Hunt for the word "корабля" across the entries below, copying each line that holds it.

--- LISTED ENTRIES ---
-*-
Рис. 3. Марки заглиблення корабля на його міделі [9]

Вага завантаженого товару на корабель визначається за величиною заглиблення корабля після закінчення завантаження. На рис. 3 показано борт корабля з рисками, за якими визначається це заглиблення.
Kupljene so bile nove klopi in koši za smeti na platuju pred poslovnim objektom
-*-
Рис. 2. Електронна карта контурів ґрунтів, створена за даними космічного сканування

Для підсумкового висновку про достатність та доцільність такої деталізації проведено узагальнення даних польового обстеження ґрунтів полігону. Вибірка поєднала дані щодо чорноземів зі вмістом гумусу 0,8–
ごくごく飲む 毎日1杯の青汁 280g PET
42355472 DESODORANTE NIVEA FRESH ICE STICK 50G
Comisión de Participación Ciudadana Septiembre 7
-*-
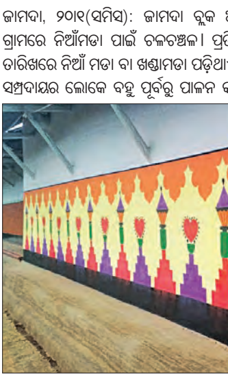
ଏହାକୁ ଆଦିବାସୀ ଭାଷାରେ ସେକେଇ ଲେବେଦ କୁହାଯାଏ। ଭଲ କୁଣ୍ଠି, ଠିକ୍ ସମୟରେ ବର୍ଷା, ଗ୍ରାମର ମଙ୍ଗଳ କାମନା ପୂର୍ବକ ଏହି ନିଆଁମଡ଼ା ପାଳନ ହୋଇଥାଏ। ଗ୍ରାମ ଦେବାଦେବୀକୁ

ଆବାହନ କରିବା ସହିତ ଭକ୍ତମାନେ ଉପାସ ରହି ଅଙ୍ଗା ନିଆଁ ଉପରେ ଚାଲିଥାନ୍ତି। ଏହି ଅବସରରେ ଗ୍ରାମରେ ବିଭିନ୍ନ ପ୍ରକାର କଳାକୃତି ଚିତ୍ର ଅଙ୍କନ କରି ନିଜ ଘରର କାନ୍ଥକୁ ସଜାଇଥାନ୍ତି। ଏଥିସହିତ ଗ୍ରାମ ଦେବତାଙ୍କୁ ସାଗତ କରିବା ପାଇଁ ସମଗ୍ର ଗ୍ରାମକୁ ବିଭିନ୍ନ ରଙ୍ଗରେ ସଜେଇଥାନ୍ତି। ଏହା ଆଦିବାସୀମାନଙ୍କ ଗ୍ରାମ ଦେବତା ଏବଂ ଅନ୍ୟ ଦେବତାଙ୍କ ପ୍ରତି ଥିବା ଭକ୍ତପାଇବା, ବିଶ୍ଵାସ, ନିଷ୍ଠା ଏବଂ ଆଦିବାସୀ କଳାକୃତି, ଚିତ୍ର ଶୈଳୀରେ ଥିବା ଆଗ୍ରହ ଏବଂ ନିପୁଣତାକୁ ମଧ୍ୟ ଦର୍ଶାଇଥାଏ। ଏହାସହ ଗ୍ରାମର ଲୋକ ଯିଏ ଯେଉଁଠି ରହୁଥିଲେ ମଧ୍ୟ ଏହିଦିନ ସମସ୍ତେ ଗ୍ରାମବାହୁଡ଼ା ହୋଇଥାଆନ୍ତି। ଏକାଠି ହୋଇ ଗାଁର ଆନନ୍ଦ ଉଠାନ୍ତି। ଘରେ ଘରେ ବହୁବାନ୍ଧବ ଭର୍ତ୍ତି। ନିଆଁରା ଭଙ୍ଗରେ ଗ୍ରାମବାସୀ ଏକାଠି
-*-
--- EXPECTED ANSWER ---
Рис. 3. Марки заглиблення корабля на його міделі [9]
Вага завантаженого товару на корабель визначається за величиною заглиблення корабля після закінчення завантаження. На рис. 3 показано борт корабля з рисками, за якими визначається це заглиблення.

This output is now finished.